Episode 1.8 - What’s so Great About the P-value? A Statistician’s Point of View

Dr Stephen Hibbs invites HemaSphere Associate Editor Prof Robert K Hills to discuss statistics in scientific writing in an entertaining and informative episode: What’s so Great About the P-value? A Statistician’s Point of View. This discussion covers the overlap of statistics and hematology with themes like the importance of P value and the use of statistics in clinical trials.

What’s so Great About the P-value? A Statistician’s Point of View, is on our website , all major podcast platforms (Spotify, Apple Podcast, etc), and YouTube.

Listen and enjoy casual, insightful discussions about #hematology research. HemaSphere articles are always fully open access.

Recent HemaSphere articles you may find interesting:

Interim Positron Emission Tomography During Frontline Chemoimmunotherapy for Follicular Lymphoma.

Merryman R, Michaud L, Redd R, et al.

Definition and Prognostic Value of Ph-like and IKZF1plus Status in Children With Down Syndrome and B-cell Precursor Acute Lymphoblastic Leukemia.

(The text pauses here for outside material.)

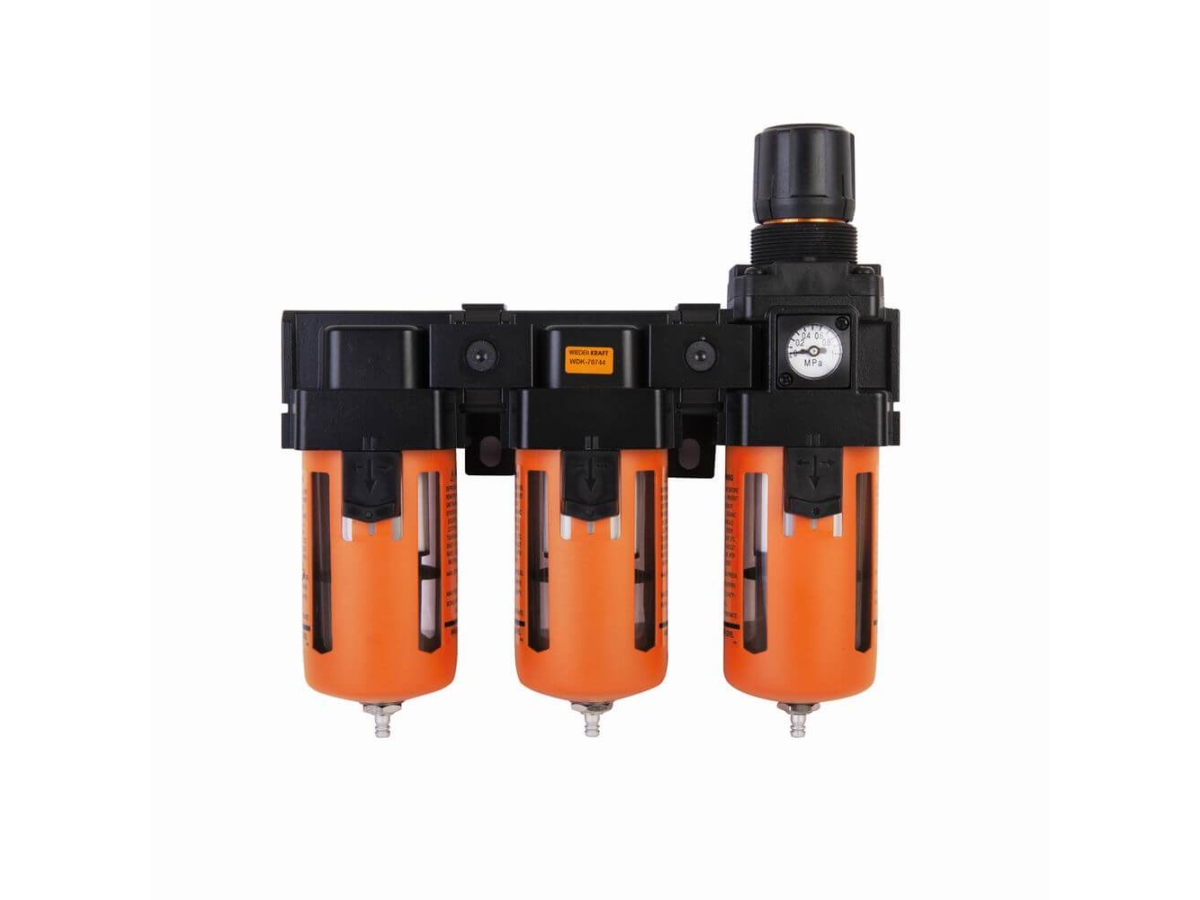 Модульная группа WIEDERKRAFT WDK-70744 предназначена для очистки сжатого воздуха от механических частиц, воды и минерального масла. Блок оснащен трехступенчатой фильтрацией, который обеспечивает высокий уровень очистки. Имеется регулятор давления, который предназначен для контроля и фиксации давления в пневмосистеме.

Palmi C, Bresolin S, Junk S, et al.

Transcript

00:00 Welcome to the podcast of HemaSphere - the official journal of the European Hematology Association. HemaSphere's podcast presents insightful, expert discussions about recent hematology publications. We hope you enjoy.

:: 00:14

So I'm joined today by Prof. Robert Hills who is a professor of medical statistics. He has been very involved in leukaemia trials over the last twenty years - and is one of the associate editors for HemaSphere. We're going to be exploring [today] a few topics about where statistics, hematology and trials overlap.

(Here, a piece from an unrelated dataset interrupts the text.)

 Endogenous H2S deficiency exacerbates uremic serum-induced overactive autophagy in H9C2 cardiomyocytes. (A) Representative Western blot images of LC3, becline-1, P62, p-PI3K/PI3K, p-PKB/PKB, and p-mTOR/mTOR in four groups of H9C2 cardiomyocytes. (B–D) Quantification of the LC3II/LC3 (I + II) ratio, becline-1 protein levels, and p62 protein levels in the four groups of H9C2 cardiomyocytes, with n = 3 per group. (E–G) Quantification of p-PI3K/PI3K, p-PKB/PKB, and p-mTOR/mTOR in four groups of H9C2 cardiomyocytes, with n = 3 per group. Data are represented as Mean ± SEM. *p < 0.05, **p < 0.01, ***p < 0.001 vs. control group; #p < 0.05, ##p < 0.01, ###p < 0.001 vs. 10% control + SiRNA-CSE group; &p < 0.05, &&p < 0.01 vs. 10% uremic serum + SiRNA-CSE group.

Robert, I wonder if (to start with) I could just ask you about your own journey; because I noticed that your doctoral research was initially in a field with applications to superconductors. So I'm interested to know - how did you end up moving into health - and did you notice any difference about how health researchers think about statistics, compared to those in physics?

:: 01:08

So, that's a very interesting question - and I'm afraid it gets even worse than that - because I wasn't a physicist and I didn't do any experiments. I was a mathematician. You know, mathematics is all about proof and truth... whatever it is. You know... 1+1 is always equal to 2. You start with a set of beliefs, then everything else follows logically.

That isn't true in statistics. And the reason, really, it isn't true is that you're dealing with people - and there is a variability in people. So your experiment, if you like, of giving a drug to a person, isn't remotely replicable because every person is different. Every person's leukaemia is different. Everybody is going to respond slightly differently and other things in the world are going to intervene.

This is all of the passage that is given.